[Opening SUPPLIED DATA section]

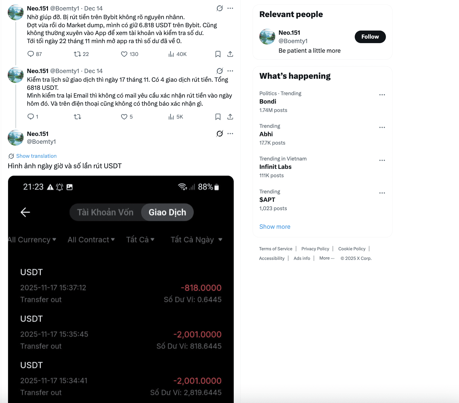 The security mechanism of most CEXs today is to create withdrawal commands requiring only OTP from email + authenticator. If hackers gain access to the email and authenticator → they can create withdrawal commands themselves.
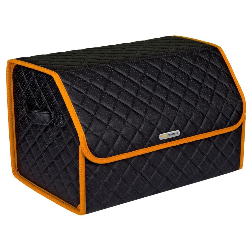 Сумка-органайзер в багажник автомобиля из перфорированной экокожи черная с черной нитью ViceCar с логотипом CHEVROLET (оранжевый кант)
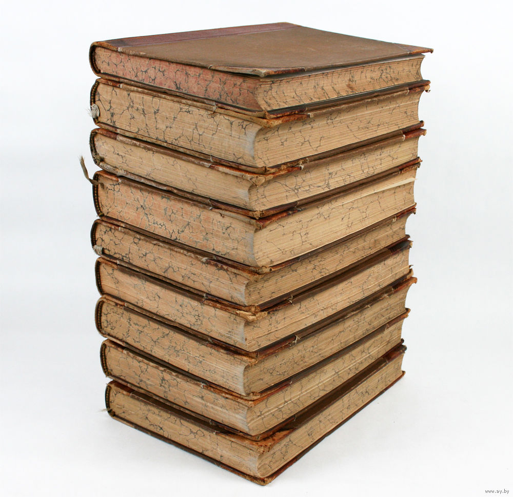 Состояние: загрязнения, надрывы корешков отдельных томов, незначительные следы воздействия влаги на трех томах. Полный комплект иллюстраций.
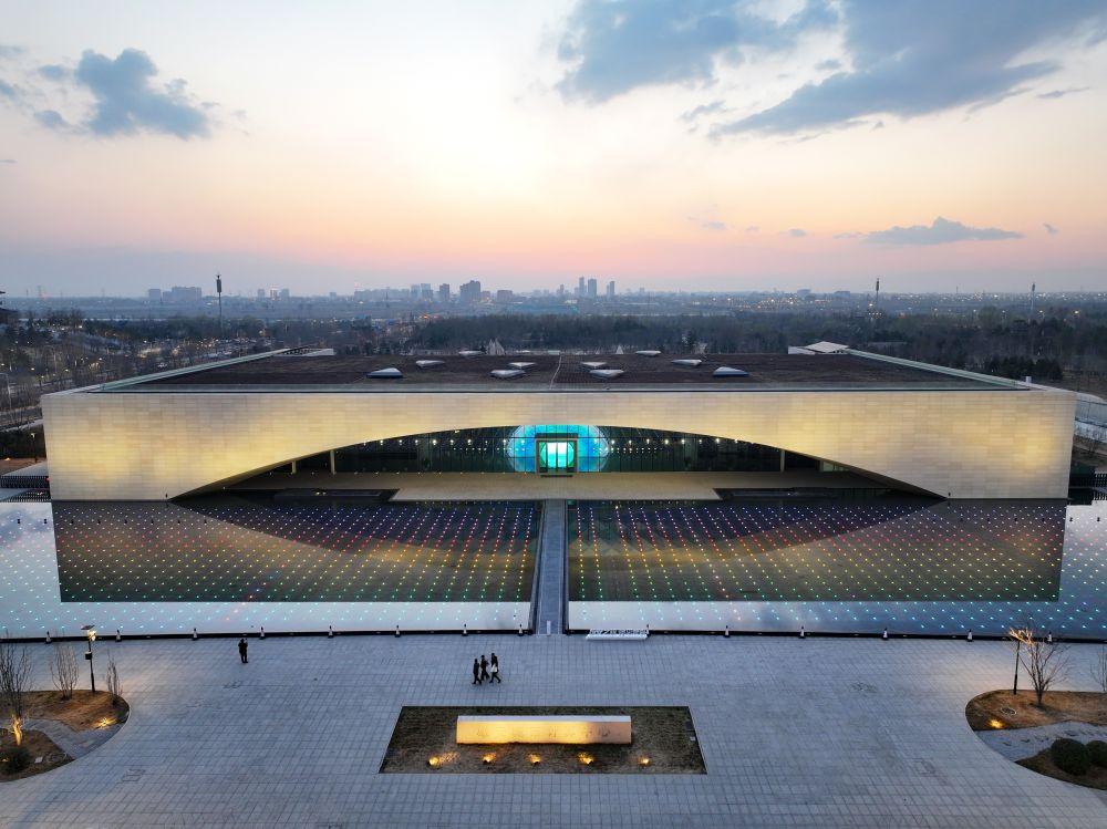 雄安城市计算中心(2025年3月15日摄,无人机照片)。被誉为雄安之眼的雄安城市计算中心缀于新城额间,该建筑的拱形借鉴了千年古桥赵州桥的形制。
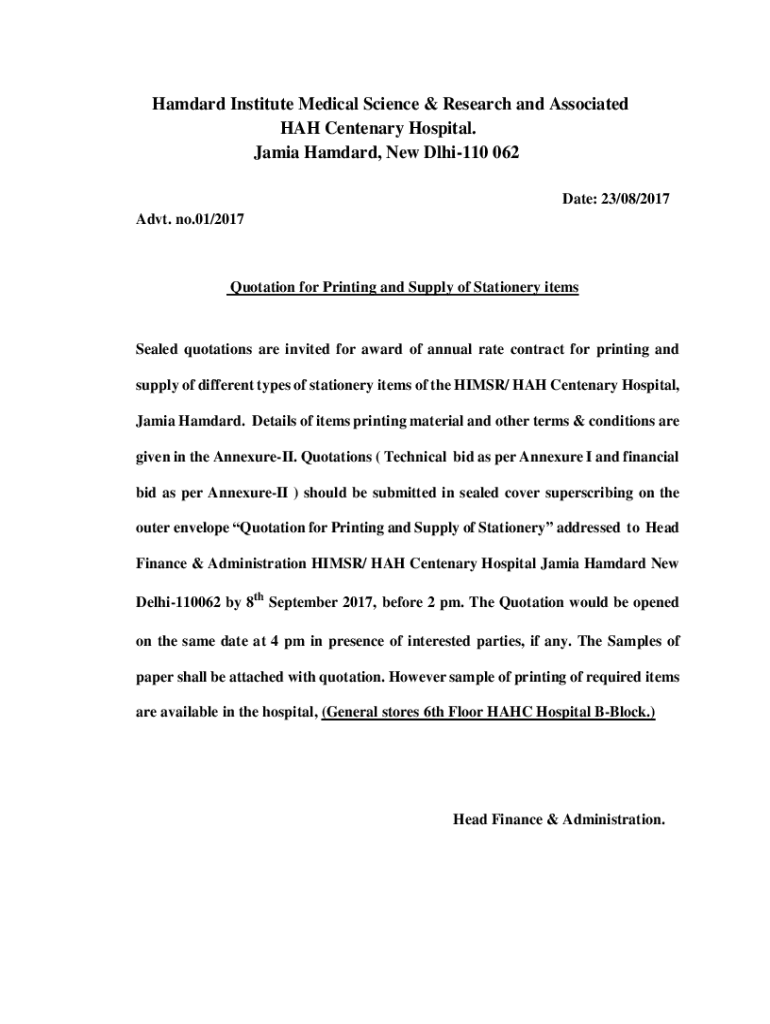 Get the free Quotation for Printing and Supply of Stationery items - HIMSR
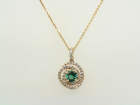 Yellow Gold Emerald and Diamond Swirl Pendant
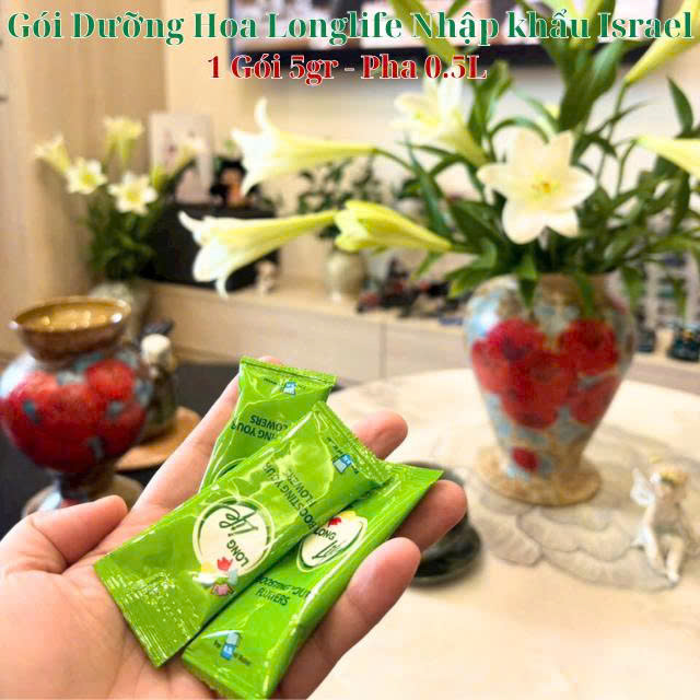 Bột Cắm Hoa tươi lâu LongLife 5gr với thành phần chính là đường chuyên dụng cho hoa cắt cành, giúp duy trì hoa tươi lâu gấp 2 lần, cung cấp đủ dinh dưỡng chăm sóc hoa cắm bình
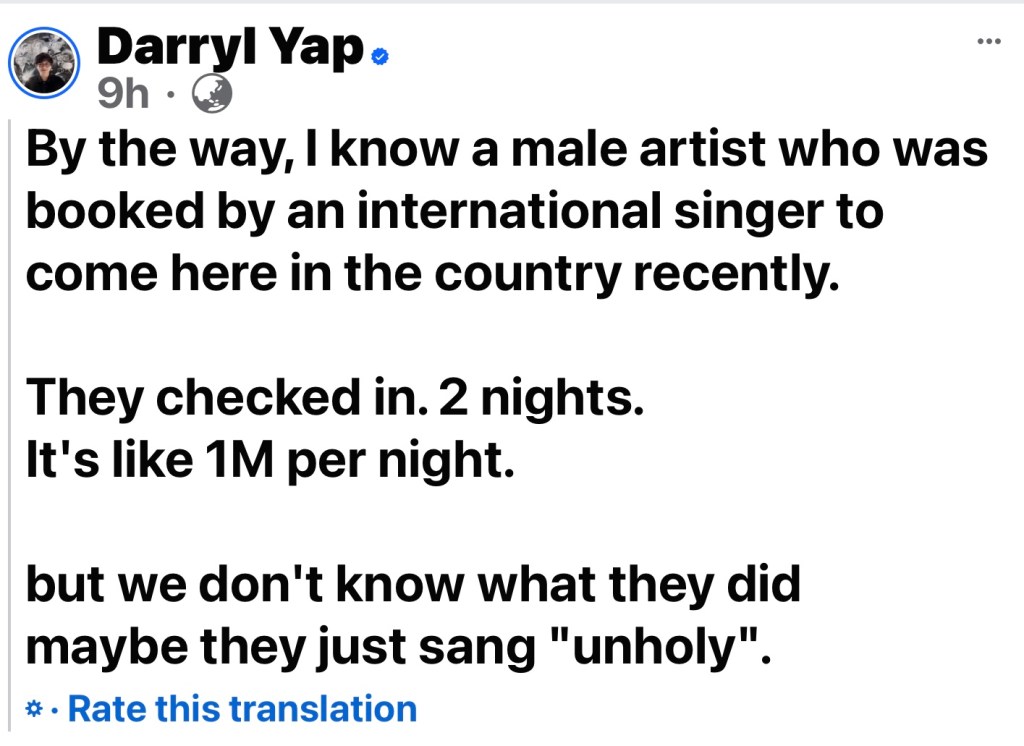 In a recent social media post, Yap proudly unveiled the supposed escapades of a male artist allegedly booked for a two-night tryst at a Philippine hotel by a famous international personality.

[Closing SUPPLIED DATA section]

▸ **WHAT YOU ARE ASKED TO DO**
Each line from the first line of the listing through the line with "Сумка-органайзер в багажник" must be printed exactly, both ends included, and no picture may appear.

▸ **ANSWER BELOW**
 The security mechanism of most CEXs today is to create withdrawal commands requiring only OTP from email + authenticator. If hackers gain access to the email and authenticator → they can create withdrawal commands themselves.
 Сумка-органайзер в багажник автомобиля из перфорированной экокожи черная с черной нитью ViceCar с логотипом CHEVROLET (оранжевый кант)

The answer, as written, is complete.